Wood v. Abbot Laboratories

In Wood v. Abbot Laboratories, No. 96-512561-CZ, 1997 WL 824019 (Mich. Cir. Ct. Sept. 11, 1997) (unpublished opinion and order), a pharmaceutical price-fixing case, the court denied certification to indirect consumer purchasers of drugs. Citing Michigan's statute permitting an indirect purchaser to recover only actual damages, the court held that the plaintiffs failed to "provide a method for calculating each class member's actual damages and thus calculation of injury and actual damages would require examination of the drugs each class member purchased rendering the class unmanageable." Id. at 2. As to the plaintiffs' expert's methodologies and opinion, and rejecting those theories that provided "at best a method for calculating the existence of injury and damage on a class-wide basis," the court continued: [the expert's] theories do not provide a method for calculating each class member's actual damages and thus calculation of injury and actual damages would require examination of the drugs each class member purchased from which retailer, the discounts applicable to each retailer for each drug at the time of purchase, and other relevant factors, resulting in thousands of mini-trials and rendering the class unmanageable.

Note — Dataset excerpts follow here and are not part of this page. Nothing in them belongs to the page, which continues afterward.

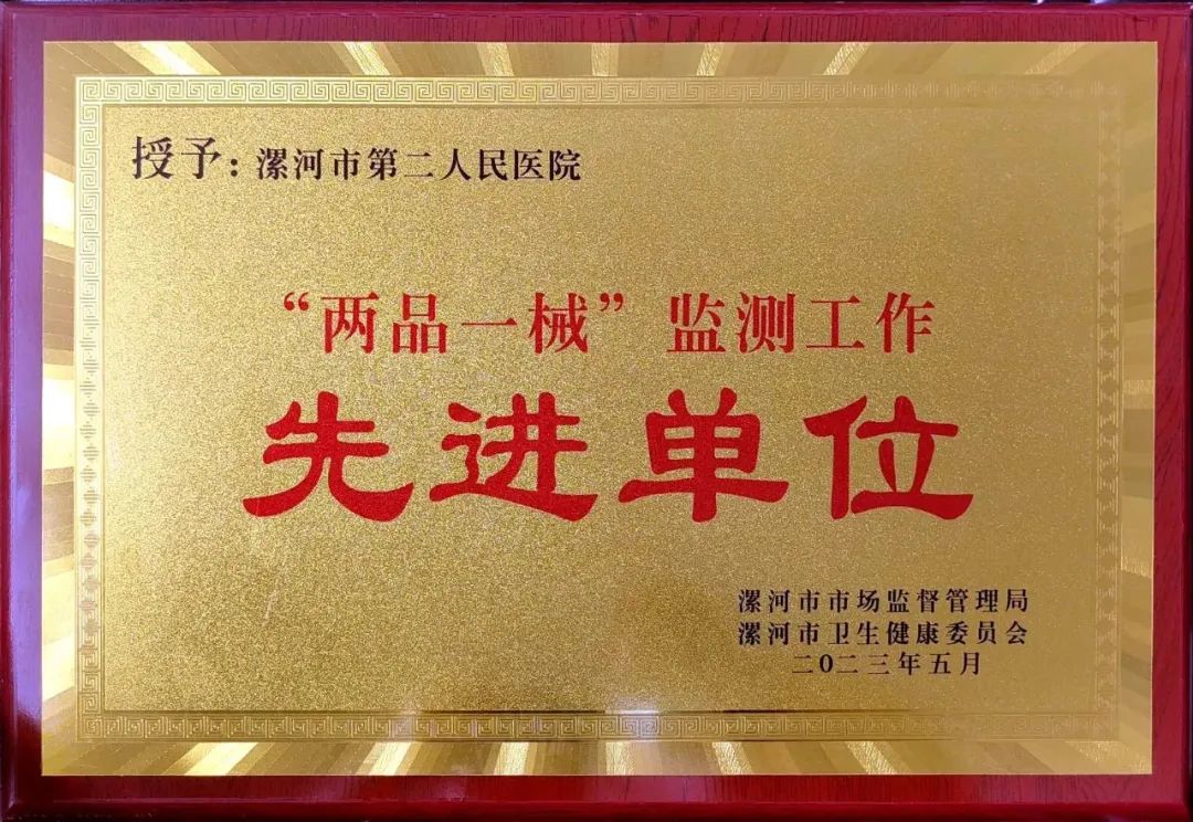 5月25日,市二院分別榮獲河南省2022年度“兩品一械”監(jiān)測工作先進(jìn)單位、漯河市2022年度“兩品一械”監(jiān)測工作先進(jìn)單位。
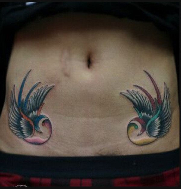 分享一款腰部时尚性感的蝶恋花纹身图案_腰部纹身图案大全_纹身图吧
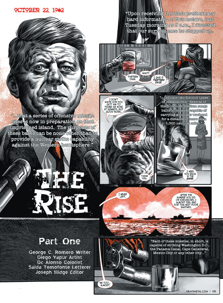 George C. Romero’s THE RISE – a prequel to the film “Night of the Living Dead” – serialization starts in this issue as well as Michelle & Bart Sears haunting tale of revenge, MAIDEN! We look at our distant past and follow Liberatore’s LUCY in an era where the ascension of the hominids had just begun. In Brendan Columbus´ SAVAGE CIRCUS Deputy Brady Harrison must navigate through a city of deranged animals, psychotic criminals, and crazed ringleader Lewis Savage to protect his citizens and save his town. Balcarce and Jok show us what happens when God dies. In the distant future, Medney’s Benedict Gunn guides the DARK WING crew in search for a new world to call home.
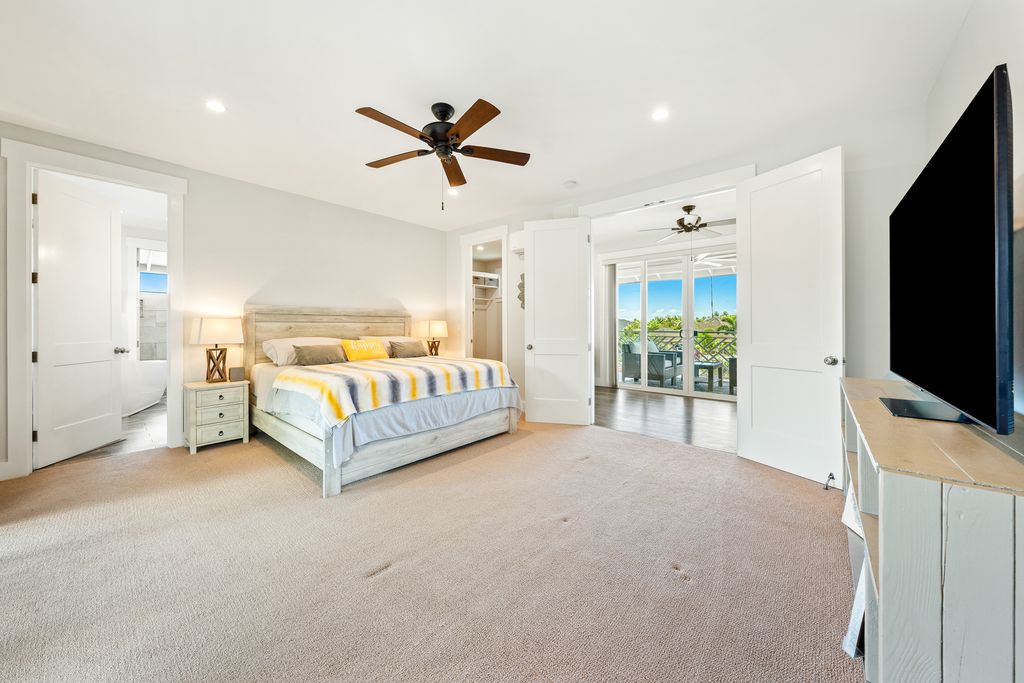 Fully furnished and thoughtfully equipped: split A/C systems, surround sound, in-wall speakers, and an 85" video screen. Energy-smart with 8.8 KW solar panels, 12 KW inverter, and 42 KW battery system. Yard irrigation included via Poipu Beach Estates.
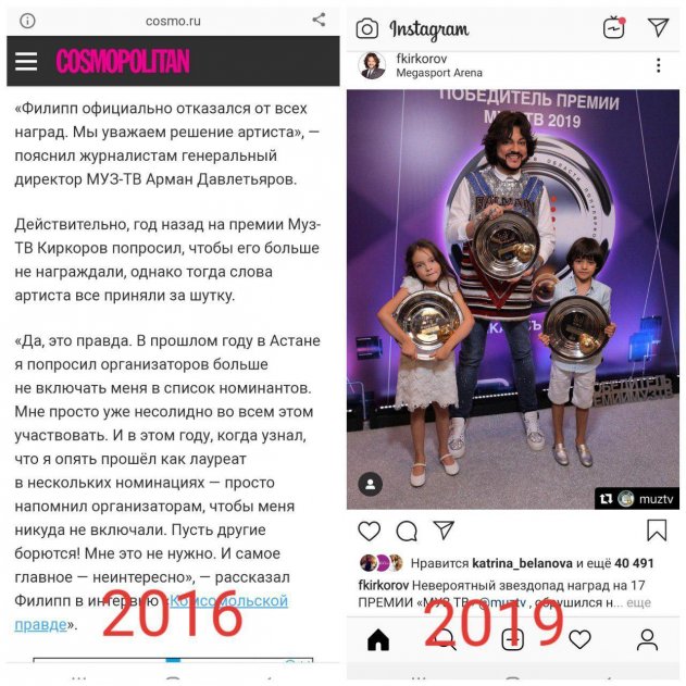 И всё бы ничего, только буквально несколько лет назад артист категорично отказывался от участия в церемонии, ссылаясь на не солидность участия 52-летнего певца среди молодёжи. Тогда Филипп настоятельно просил организаторов не вносить певца в номинации ради продвижения новых талантов. Возникает вопрос, что изменилось спустя 3 года и почему Филипп Бедросович, словно по щучьему велению, сменил решение? Не исключено, что Киркоров «возвращением» на «Муз-ТВ» может оттягивать закат карьеры. Ведь, очевидно, последние годы престарелого исполнителя на плаву держат исключительно совместные работы с молодыми артистами и провокационные клипы под редакцией «хайповых» сценаристов. Так или иначе, а потребность самолюбования лишь выставила Киркорова безответственным и эгоистичным мужчиной, не способным ответить за свои слова и поступки.
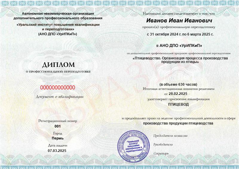 • Диплом о профессиональной переподготовке с присвоением квалификации «Птицевод». Вносится в Федеральный реестр документов об образовании.
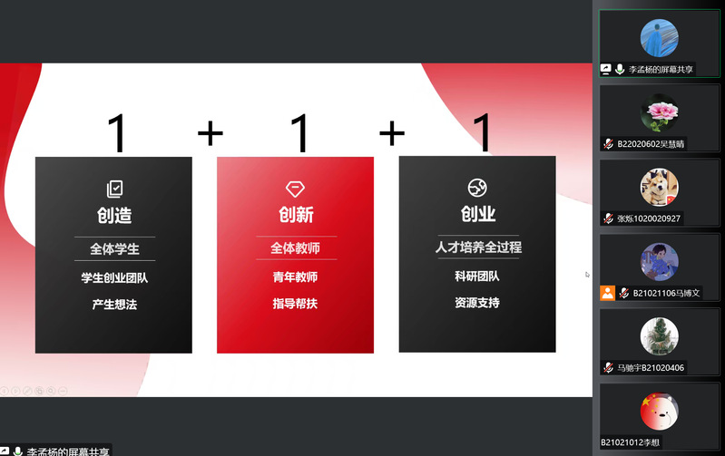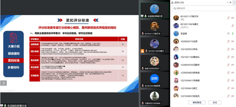 课程开始,李孟杨老师从大赛流程、大赛精神、信息渠道等方面进行了详细的大赛介绍。紧接着,李老师以PPT的形式呈现本次课程,强调了参赛同学要仔细阅读大赛通知,关注赛道、组别、资格等相关材料。随后,李老师结合视频、商业计划书、参赛者的参赛经历,带领同学们了解竞赛的各组评分标准,之后还提出网评材料、赛事准备、路演技巧方面的建议。
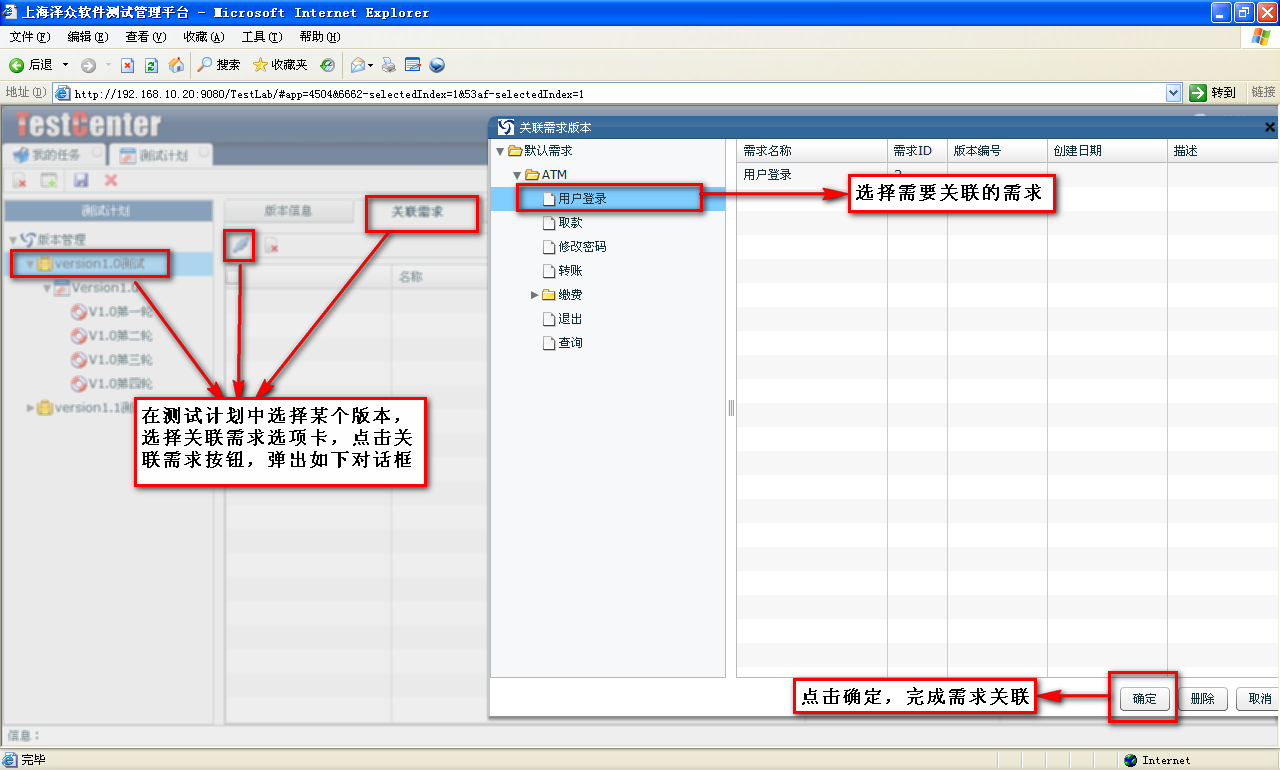 处理流程:点击测试管理工具TestCenter图标测试计划测试计划选中版本管理选中某个版本单击“关联需求”标签,单击“关联需求版本”按钮。 限制:选中默认版本才可以关联需求版本。
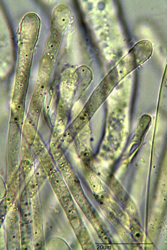 En las células del excípulo ectal he visto ¿pigmentos, cristales?, no se, adjunto foto.
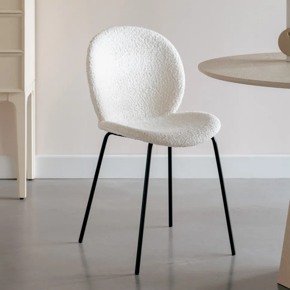 Wij geloven dat eenvoud het belangrijkste ingrediënt is van pure elegantie. Onze Bonnet stoel is het bewijs van deze overtuiging. De eenvoudige lijnen van het zwartmetalen frame laten de teddystof opvallen met textuur. Bonnet is vernoemd naar een elegant, vrouwelijk hoedje dat Parijse dames droegen.
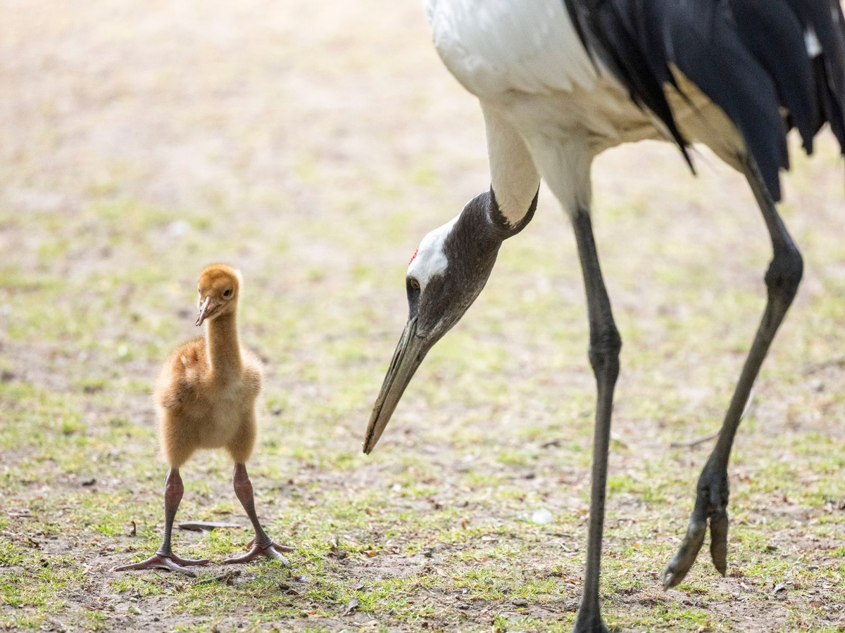Flauschig: Schneekranichküken in Kölner Zoo geschlüpft
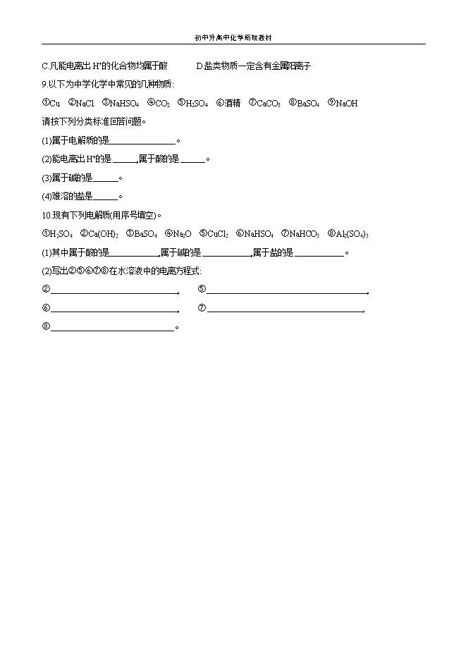 【内容简介】1.下列说法正确的是( )A.水导电性很差,所以水是非电解质B.电解质与非电解质的本质区别是在一定条件下能否电离C.酸、碱和盐都属于电解质,其他化合物都是非电解质D.NaCl和HCl都是电解质,所以它们在熔融状态下都能导电【答案】B【解析】A项,水是电解质;C项,部分氧化物也属于电解质,如Na2O、CaO;D项,HCl在熔融状态下不能导电。2.下列说法正确的是( )A.酸、碱、盐都是电解质 B.氢化物都不是电解质C.电解质都是易溶于水的物质 D.氧化物都是电解质【答案】A【解析】电解质是根据化合物能否电离出离子划分的,不是根据化合物的水溶性划分的,如BaSO4、CaCO3等不溶于水的物质,都是电解质,C错。氧化物有的是电解质,如Na2O等活泼金属的氧化物;有的不是电解质,如SO2等非金属氧化物,D错。氢化物有的是电解质,如HCl等;有的不是电解质,如CH4等,B错。3.现有以下物质:①NaCl晶体 ②液态HCl ③CaCO3固体 ④熔融KCl ⑤蔗糖 ⑥铜 ⑦CO2 ⑧H2SO4 ⑨KOH固体。(1)以上物质中能导电的是 ; (2)以上物质中属于电解质的是 ,属于非电解质的是 ; (3)以上物质中,溶于水且能导电的物质是 。 【答案】(1)④⑥ (2)①②③④⑧⑨ ⑤⑦ (3)①②④⑦⑧⑨【解析】物质导电的原因是有自由移动离子或自由移动电子;电解质、非电解质都是化合物,前者在水溶液中或熔融状态下能导电,后者不能。4.下列物质中,含有自由移动的Cl-的是( )A.KClO3溶液 B.CaCl2溶液 C. KCl晶体 D.液态HCl【答案】B【解析】KClO3溶液中存在K+、ClO3-;KCl晶体中的Cl-不能自由移动;液态HCl中只存在HCl分子。5.电解质溶液显电中性的原因是( )A.溶液中阴、阳离子数相等 B.溶液中阴、阳离子所带电荷数相等C.溶液中阴、阳离子所带电荷总数相等 D.溶液中没有离子,不带电【答案】C【解析】电荷守恒是指溶液中阴、阳离子所带电荷总数相等,如Na2SO4溶液中Na+的数目是S 的2倍,S 所带电荷数是Na+的2倍,A、B、D均错误。6.下列电离方程式书写正确的是( )......
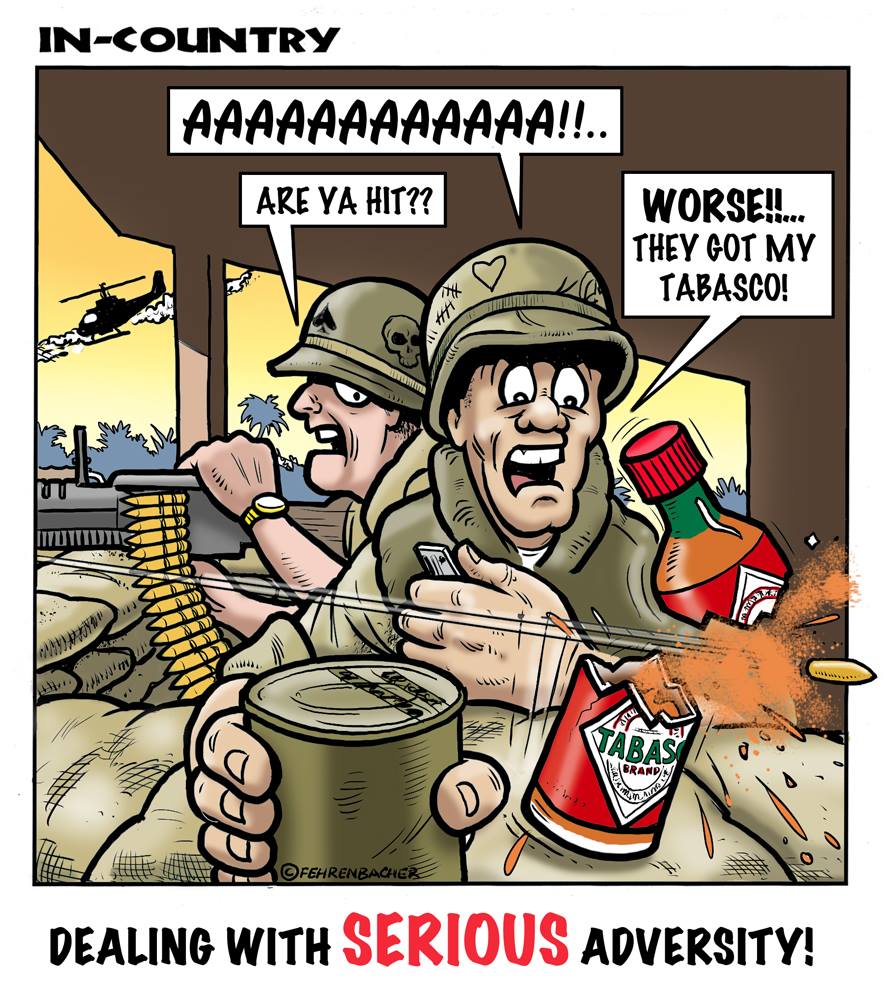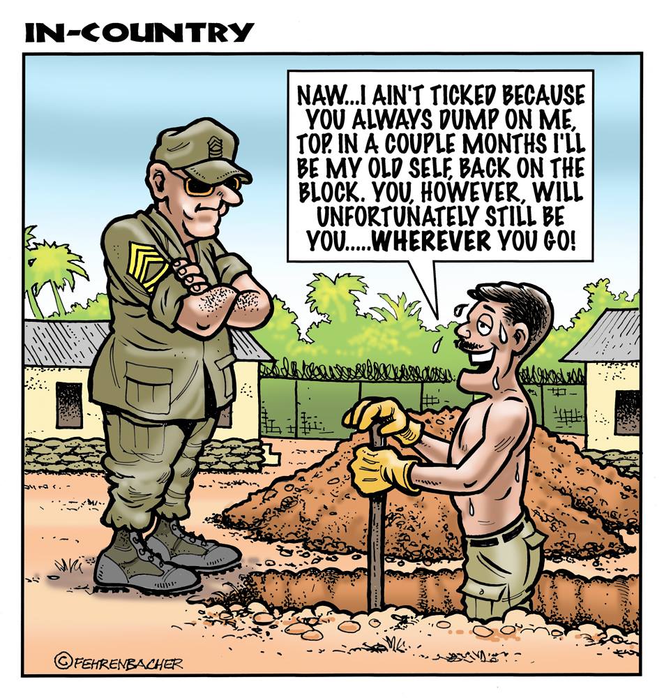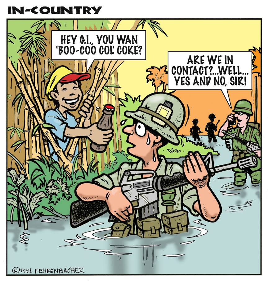 Phil enlisted in the Army in 1965 where he served for years in Vietnam. He became a graphic designer and has worked for the state of Oregon for 26 years. He retired in 2003 and started the Cartoon "In-Country". The cartoons reflect his experiences during his tour of duty in South Vietnam.
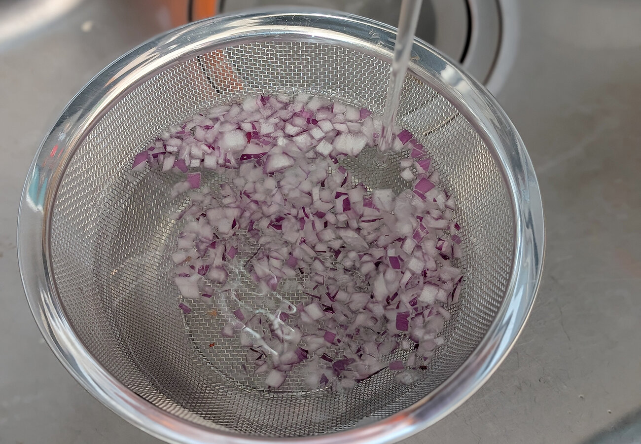 2、マグロを1cm角程度に切る。ケイパーはみじん切りにする。赤玉ねぎはみじん切りにし、水にさらす。水にさらした赤玉ねぎはしっかりと水気を絞る。
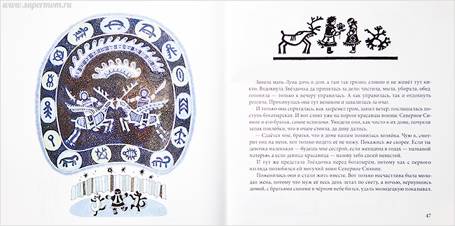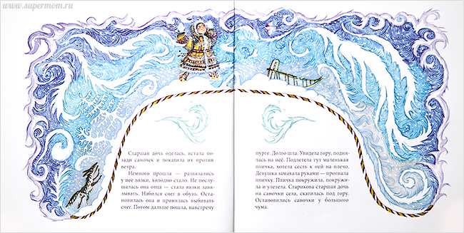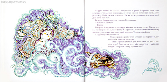 Это сказки о северных народах со всем подобающим колоритом. В книге всего две сказки: "Хозяин Ветров" и "Сказка о лунной дочери". Первое, что хочется отметить - это потрясающие колоритные иллюстрации, которые гармонично сочетаются с текстом!

For this reason, other jurisdictions to consider this issue have denied certification to the class of indirect purchasers of brand name prescription drugs. Id. The court found "that individual questions of fact as to both injury and damages predominate over the one theory common to the class, that being the existence of the alleged conspiracy, and that these individual questions render the case unmanageable as a class action." Id. at 3.